The Wall Street Journal takes a look at the idea of cataloging computers, mobile devices (including smartphones) and TV boxes in order to target behavioral advertising to the specific computer or cellphone users. (The Journal also has suggestions for how to avoid having your electronic devices tracked.)
David Norris wants to collect the digital equivalent of fingerprints from every computer, cellphone and TV set-top box in the world. He’s off to a good start. So far, Mr. Norris’s start-up company, BlueCava Inc., has identified 200 million devices. By the end of next year, BlueCava says it expects to have cataloged one billion of the world’s estimated 10 billion devices.
Advertisers no longer want to just buy ads. They want to buy access to specific people. So, Mr. Norris is building a “credit bureau for devices” in which every computer or cellphone will have a “reputation” based on its user’s online behavior, shopping habits and demographics. He plans to sell this information to advertisers willing to pay top dollar for granular data about people’s interests and activities. […]
It might seem that one computer is pretty much like any other. Far from it: Each has a different clock setting, different fonts, different software and many other characteristics that make it unique. Every time a typical computer goes online, it broadcasts hundreds of such details as a calling card to other computers it communicates with. Tracking companies can use this data to uniquely identify computers, cellphones and other devices, and then build profiles of the people who use them. Until recently, fingerprinting was used mainly to prevent illegal copying of computer software or to thwart credit-card fraud. […]
Tracking companies are now embracing fingerprinting partly because it is much tougher to block than other common tools used to monitor people online, such as browser “cookies,” tiny text files on a computer that can be deleted. […]
It’s tough even for sophisticated Web surfers to tell if their gear is being fingerprinted. Even if people modify their machines—adding or deleting fonts, or updating software—fingerprinters often can still recognize them. There’s not yet a way for people to delete fingerprints that have been collected. In short, fingerprinting is largely invisible, tough to fend off and semi-permanent.

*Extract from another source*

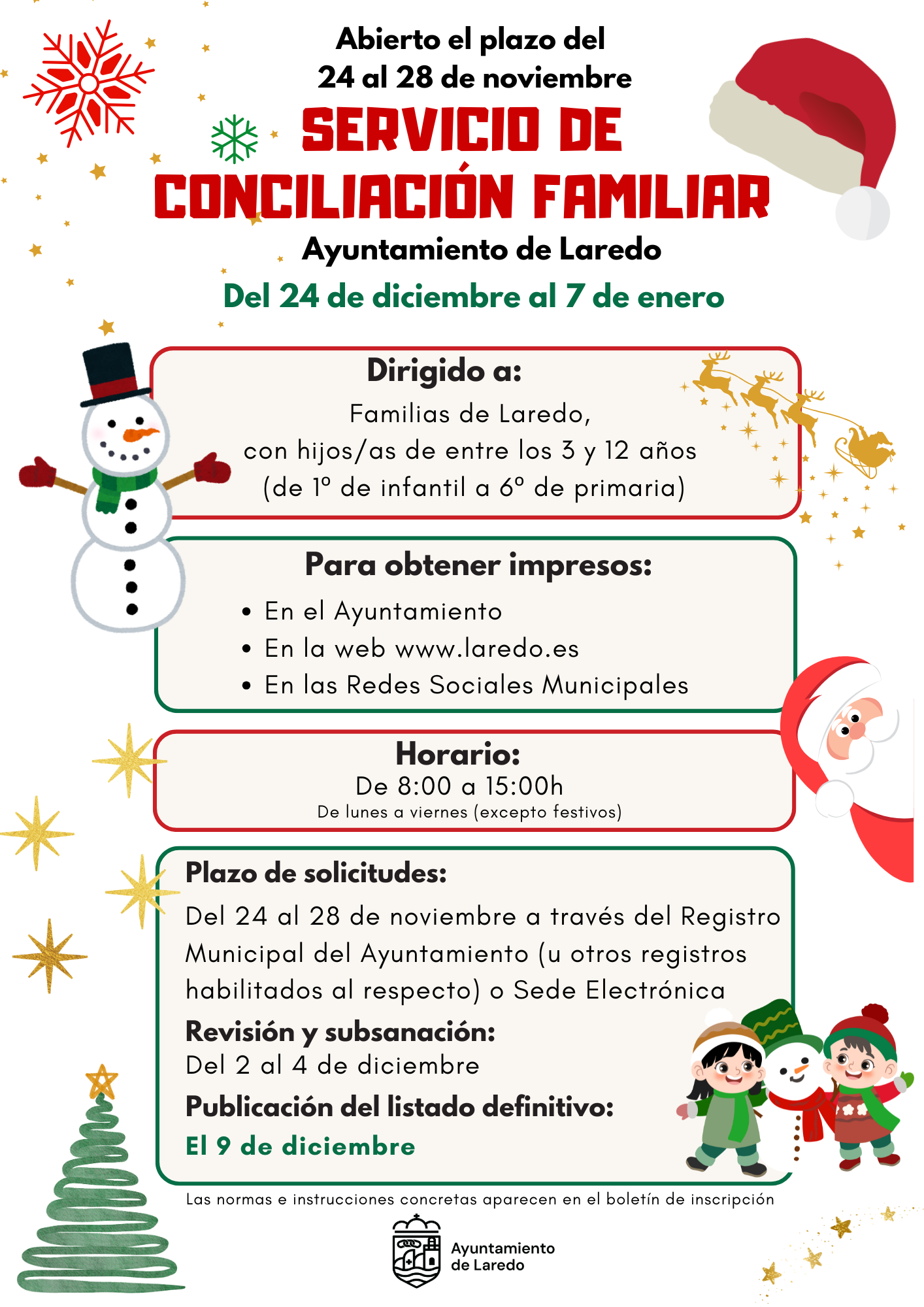 El Servicio de Conciliación Familiar y Laboral del período no lectivo de Navidad se realizará del miércoles 24 de diciembre hasta el miércoles 7 de enero de 2026 (ambos incluidos) entre las 8:00 y 15:00h, de lunes a viernes, excepto días festivos.
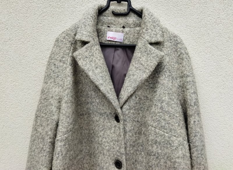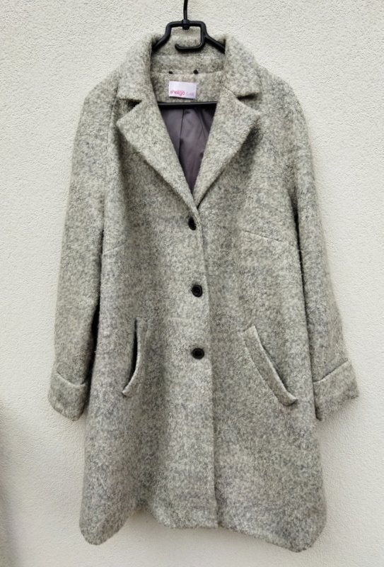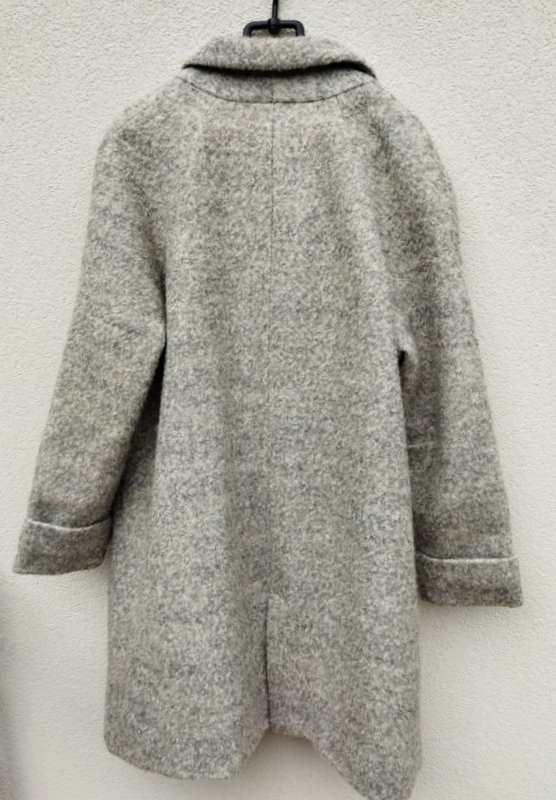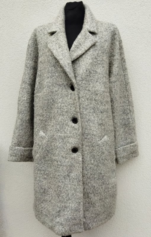 Ciepły płaszcz z dobrej jakości tkaniny z fakturą boucle w melanżowej kolorystyce szarości ze złamana bielą. Z kołnierzem z rewersami z dwiema wpuszczanymi kieszeniami , z krytym rozcięciem z tylu u dołu. zapinany na guziki. Całość na podszewce.

Device fingerprinting is legal. U.S. Rep. Bobby Rush (D.,Ill.), proposed legislation in July that would require companies that use persistent identifiers, such as device fingerprints, to let people opt out of being tracked online. […]
The idea behind BlueCava’s [reputation] exchange is to let advertisers build profiles of the people using the devices it has identified. For instance, BlueCava will know that an IMVU fingerprint is from someone who likes virtual-reality games. Other advertisers could then add information about that user. BlueCava also plans to link the profiles of various devices—cellphones, for instance—that also appear to be used by the same person.
Blue Cava also is seeking to use a controversial technique of matching online data about people with catalogs of offline information about them, such as property records, motor-vehicle registrations, income estimates and other details. It works like this: An individual logs into a website using a name or e-mail address.